In which we review the Beast film that never was—'X-Men: Fear The Beast'—based solely on the script that leaked post-'Dark Phoenix'.

Beast
20th Century Fox

Image via 20th Century Fox

Beast

The dust has settled on Fox’s tenure as the studio that brought us the X-Men movies—a 20-year-old franchise that went from promising, to garbage, back to good, and then utter trash. With box office receipts all but confirming that the last movie in the series, the majorly panned Dark Phoenix, was not the coup de grace that it deserved. All negativity aside, the X-Men movies did introduce some creative ideas into the superhero movie lexicon; namely the spin-off movies. These side stories allowed the movies to live in different time periods in order to adapt popular stories from the comics with some of your favorite characters such as Deadpool 1 & 2 and Logan. Now this may have inadvertently screwed up the continuity of the series and had diminishing returns (X-Men Origins, anyone?)—but bear with me, we’re trying to be positive. Imagine everyone’s surprise when, during the supposed apology tour surrounding the failure of Dark Phoenix, longtime composer and editor of the X-Men series John Ottman revealeda script for a Beast solo movie titled X-Men: Fear The Beast. Catchy title, right? The movie finds Nicholas Hoult’s Hank McCoy/Beast, who is struggling to control his own mutation, traveling to an Inuit village to save an old friend of his.

The biggest surprise about this script is that Ottman (and co-writer Byron Burton) don’t choose to go back in time, split the timeline, or do a huge time jump between Fear The Beast and canonically the previous movie in the franchise, 2017’s absolutely terrible X-Men: Apocalypse. After all, the First Class timeline is the best timeline—and allows us to keep central characters like James MacAvoy’s Charles Xavier intact. As stated before, the auteur-driven direction of the X-movies allows for different interpretations of these stories, and Fear The Beast definitely has horror elements weaved into what is conceivably its first two acts of this self-contained story.

The desolate location of Alaska gives a way for the main antagonist, Dr. James Cartier AKA Wendigo (whom Ottman describes in the script as “James Spader in a lab coat”), to stalk his prey and kill them in a multitude of bloody ways. The violence is perhaps the most shocking part of this script—it’s clearly going for a very hard R. Grizzly bears are dispatched and killed, and Beast & Wendigo brutally murder about 30 hunters in a huge set-piece towards the end. Aside from the horror and gore, I think the script does an admirable job at trying to create a story about an oft-forgotten character like Beast, which I think is a gift and a curse—because I can’t think of many people who’d care to give this a chance because he isn’t Wolverine.

Beast and Charles Xavier in 'Dark Phoenix'

Which brings me to my biggest negatives about the script—namely Ottman and Burton hitting the emergency button and releasing Wolverine Ex Machina for no damned reason.

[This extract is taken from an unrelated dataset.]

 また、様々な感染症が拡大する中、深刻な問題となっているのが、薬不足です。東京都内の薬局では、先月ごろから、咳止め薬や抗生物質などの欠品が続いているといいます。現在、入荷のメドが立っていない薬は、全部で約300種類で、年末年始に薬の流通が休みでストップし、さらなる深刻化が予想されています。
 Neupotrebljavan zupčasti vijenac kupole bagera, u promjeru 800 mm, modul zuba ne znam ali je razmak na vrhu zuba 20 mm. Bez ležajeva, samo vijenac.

Yes, Fear of The Beast re-introduces Hugh Jackman, who “died” in Logan and forgot his memories after Days of Future Past, complete with the same cage fighting intro from X-Men. It’s perplexing in its narrative & financial obviousness; yes, you need to sell tickets and put butts in seats, but Wolverine’s inclusion is nothing more than a glorified third act cameo to help Beast, who is getting his ass kicked even with a super-powered upgrade he receives just moments before. The script even retcons his memory loss with a Xavier handwave that gives it back to him. It’s bad. There’s also the love interest in the movie—Anah and her daughter Bunkei—who are written so paper-thin that it’s jarring considering how the movies treat characters like Mystique and even Jean Grey. The ending stinger of Mr. Sinister is an interesting direction, but after the handling of Apocalypse, shouldn’t have left anyone with a good feeling about where this arc could have ended.

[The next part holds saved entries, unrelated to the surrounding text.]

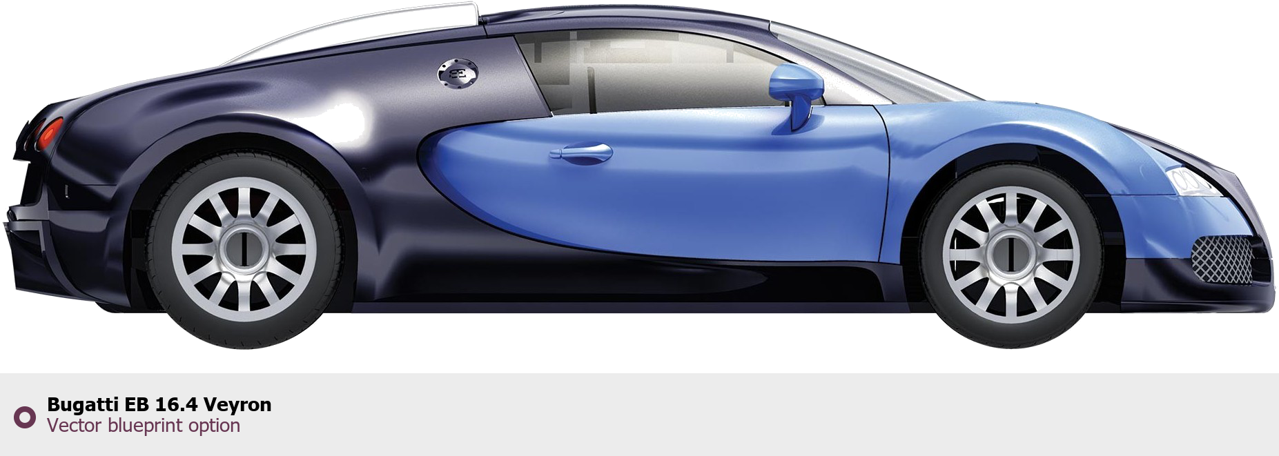 Raster blueprint of the Bugatti EB 16.4 Veyron Coupe. This free downloadable image can be used for graphic projects, digital design, and 3D modeling. The file provides accurate exterior proportions of the vehicle. Body type: Coupe.
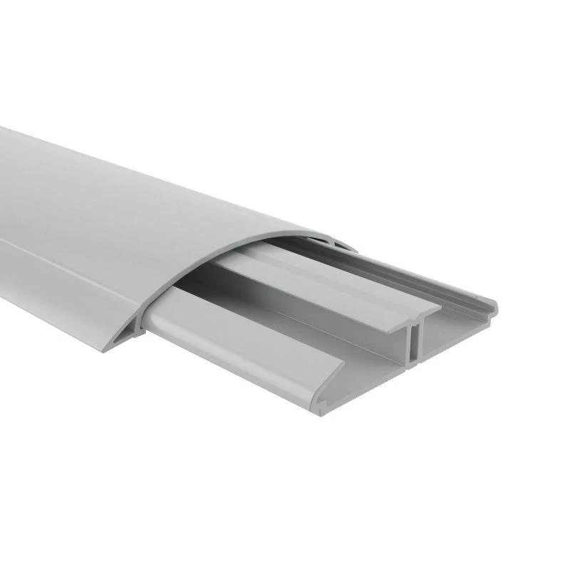 Кабель-канал ДКС предназначен для размещения на полу. Он имеет удобную полукруглую форму для оптимального распределения нагрузки. Внутри кабельного канала уже проложен разделитель, позволяющий прокладывать в нем провода разного назначения. Изделие изготовлено из пластика, не содержащего галогенов, а потому может использоваться в местах массового пребывания людей. Канал имеет длину 2 метра и высоту 17,5 мм. Цвет: серый.
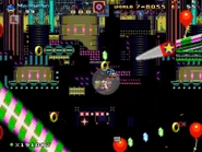 Act 2 takes place back in the mechanical city, which now consists of a carnival theme around it as the Death Egg was launched into space with Dr. Eggman and his Badnik army celebrating with confetti balloons and lights flashing all over the place. This is one huge area around the rollercoaster track that the player has to explore while fighting though the many different types of Badniks and using the flippers to get to higher ground while avoiding the bumpers and spikes.
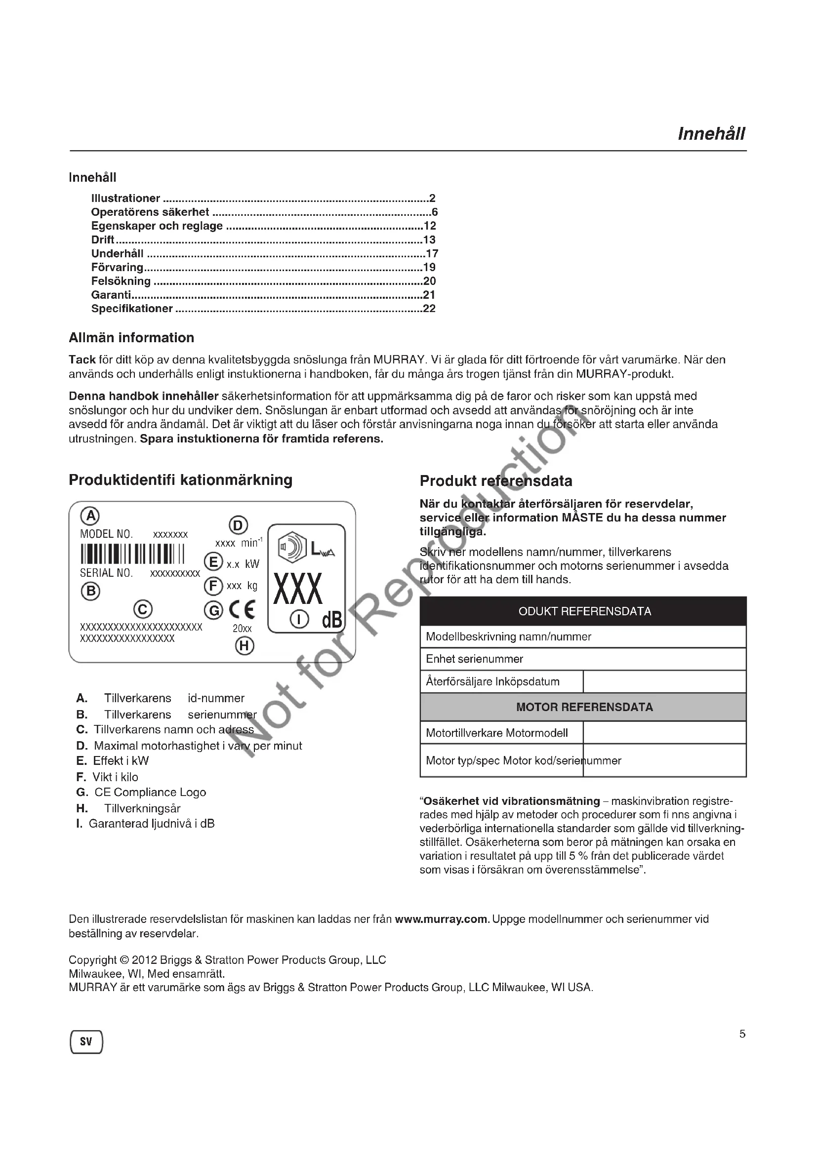 xxx kg XXXXXXXXXXXXXXXXXXXXXXXXXXXXXXXXXXXXXXX Den illustrerade reservdelslistan för maskinen kan laddas ner från www.murray.com. Uppge modellnummer och serienummer vid beställning av reservdelar.Copyright © 2012 Briggs & Stratton Power Products Group, LLCMilwaukee, WI, Med ensamrätt.MURRAY är ett varumärke som ägs av Briggs & Stratton Power Products Group, LLC Milwaukee, WI USA. Produktidentifi kationmärkning “Osäkerhet vid vibrationsmätning – maskinvibration registre-rades med hjälp av metoder och procedurer som fi nns angivna i vederbörliga internationella standarder som gällde vid tillverkning-stillfället. Osäkerheterna som beror på mätningen kan orsaka en variation i resultatet på upp till 5 % från det publicerade värdet som visas i försäkran om överensstämmelse”.A. Tillverkarens id-nummerB. Tillverkarens serienummerC. Tillverkarens namn och adressD. Maximal motorhastighet i varv per minutE. Effekt i kWF. Vikt i kiloG. CE Compliance LogoH. TillverkningsårI. Garanterad ljudnivå i dB Not for Reproduction6 Operatörens säkerhet På / Av nyckelbrytare. Vrid choke stängd för start. Vrid choke öppen för körning. Tryck primer 2 gånger. Uttag för förlängningssladd. Tryckknapp för start. Koppla in snöskruv. Rörvridning. Kall motor. Varm motor. Läs hanboken för användar- och säkerhetsinstruktioner. Stäng av motorn och ta bort nyckeln innan underhåll eller reparation utförs. Risk för utkastade föremål. Brandfara. Roterande snöskur / Amputeringsrisk. Risk för koldioxidförgiftning. Håll säkert avstånd. Elektriska stötar. Roterande impeller Amputeringsrisk. Håll barn på avstånd. Roterande impeller Amputeringsrisk. Amputeringsrisk - rör inte rörliga delar. Risk för heta ytor. Säkerhetssymboler och deras innebörd Reglagesymboler på utrustningen Not for Reproduction7

It’s hard to say where X-Men: Fear The Beast "could" have landed on a critical level. The first half is claustrophobic, scary, and oozing with atmosphere—while the last act devolves into the kind of limp spectacle that these movies are known for. It is interesting that Ottman, under the advisement of Fox, took the script to X-Men producer Simon Kinberg—who was working on Dark Phoenix at the time. He declined to even read it because he was also thinking of bringing Wolverine back in his movie as well. I have to commend his decision (he decided against bringing back Hugh Jackman in Dark Phoenix), but I have to wonder if this could have helped stave off the tepid reception of the movie had he embraced X-Men: Fear The Beast. With the future of the X-Men on ice for possibly a long time, it looks like we’ll never know.